Andy’s background of mixed musical experience has led to an incredibly diverse career. Having trained as an orchestral flautist, as principal flute of the National Youth Orchestra in the early 1970s and 3 years at the Royal College of Music, he soon branched out into the London musical scene, from dance band dates (working for Nat Temple, Joe Loss, Eric Delaney & Sidney Lipton among others) to Ballet Rambert, taking in The National Theatre and the formation of the Myhra Saxophone Quartet with John Harle.

He soon found work in the thriving “session” world and was busy depping in the London orchestras and on numerous West End shows. An interest in “ethnic” instruments seemed to fit well alongside work as both an orchestral flautist and a commercial “woodwind doubler”. He has played with an enormous list of renowned international artists, composers, arrangers and producers.

The early 80’s saw the start of his work with the “Michael Nyman Band”, with whom he still tours and records and folk-rock band “The Home Service”. Andy is principal flute of The National Symphony Orchestra, and works with many other chamber groups, including The Ceruti Ensemble , London Saxophonic, Sax Assault and Saxpak.

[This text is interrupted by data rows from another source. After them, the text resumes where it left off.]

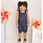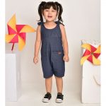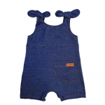 Macaquinho em Jeans Fake de Algodão. Bolsinho Frontal. Abertura na entrepernas com botões de pressão. Detalhe de amarração nos ombros com nózinho.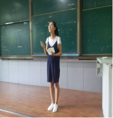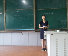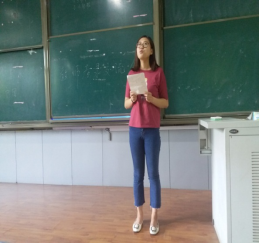 接下来是与同学们做交流分享的是苟田田同学和陈晓宇同学。她们分别为同学们生动形象地展示了教师考录过程中小学语文课本中《司马迁发愤写史记》的模拟讲课和《草原》的说课环节,苟田田同学从鲁迅先生的名句“史家之绝唱,无韵之离骚”导入;陈晓宇同学则以一首草原歌曲导入,铿锵有力的板书生,优美的歌声让同学们振奋,现场响起了热烈的掌声。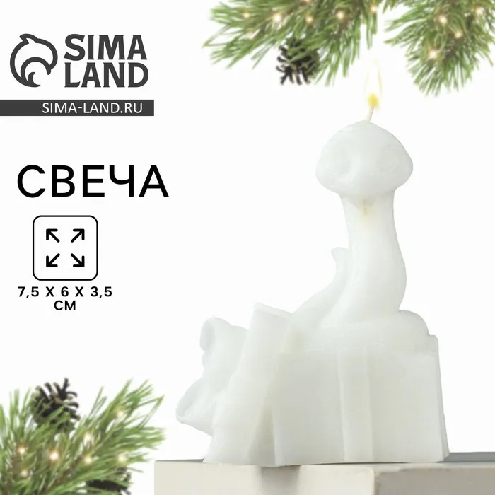 Свеча новогодняя «Змейка с подарком», на Новый год, белая, 7,5 х 6 см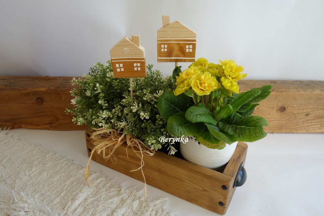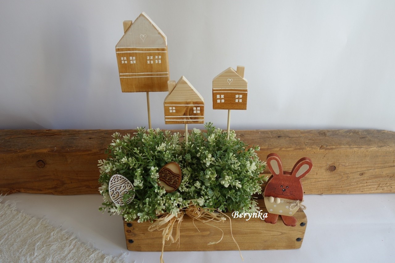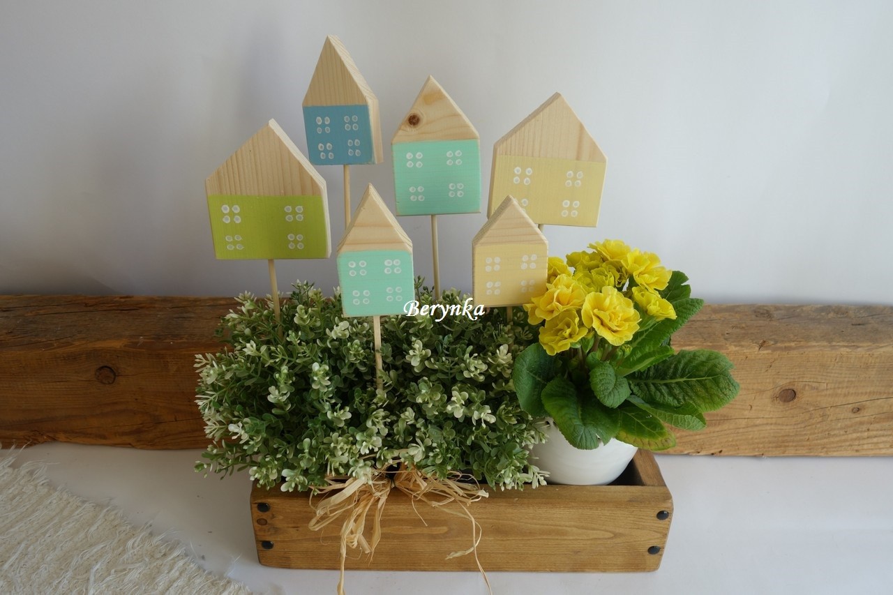 - domeček je ručně vyřezaný ze dřeva, ručně malovaný a zdobený, přelakovaný (lze je snadno otřít)

His West End credits include work in Andrew Lloyd Webber productions, Sunset Boulevard, Whistle Down The Wind, The Beautiful Game, (for which he was named in the Sunday Times review), “Bombay Dreams and “The Woman In White. Other recent shows include “Sinatra At The London Palladium, Wicked, Lord Of The Rings, Oliver and Wizard Of Oz.

*RELEASED TODAY (15th February 2014) WITH A INTRODUCTORY DISCOUNT PRICE OF £75 (RRP £99) FOR TWO WEEKS ONLY!*


----------



## Anthony N.Putson (Feb 15, 2014)

Awesome! Great price! Great sound! I was looking for a Shak a few weeks ago, but came up short, now fixed! And the other instruments sound fabulous! Perfect for a current gig! And a week after I picked Mural up! 

Cheers!


----------



## Manuel (Feb 15, 2014)

Very beautiful CB flute! Nice work.


----------



## MA-Simon (Feb 15, 2014)

Sounds nice. 
I really want those!

Could you increase the instument volume in your videos? 
If I turn my speakers up I hear you screaming at me all over the place.


----------



## eric aron (Feb 15, 2014)

beautiful sounding instruments !!!


----------



## TheUnfinished (Feb 15, 2014)

MA-Simon @ Sat Feb 15 said:


> Could you increase the instument volume in your videos?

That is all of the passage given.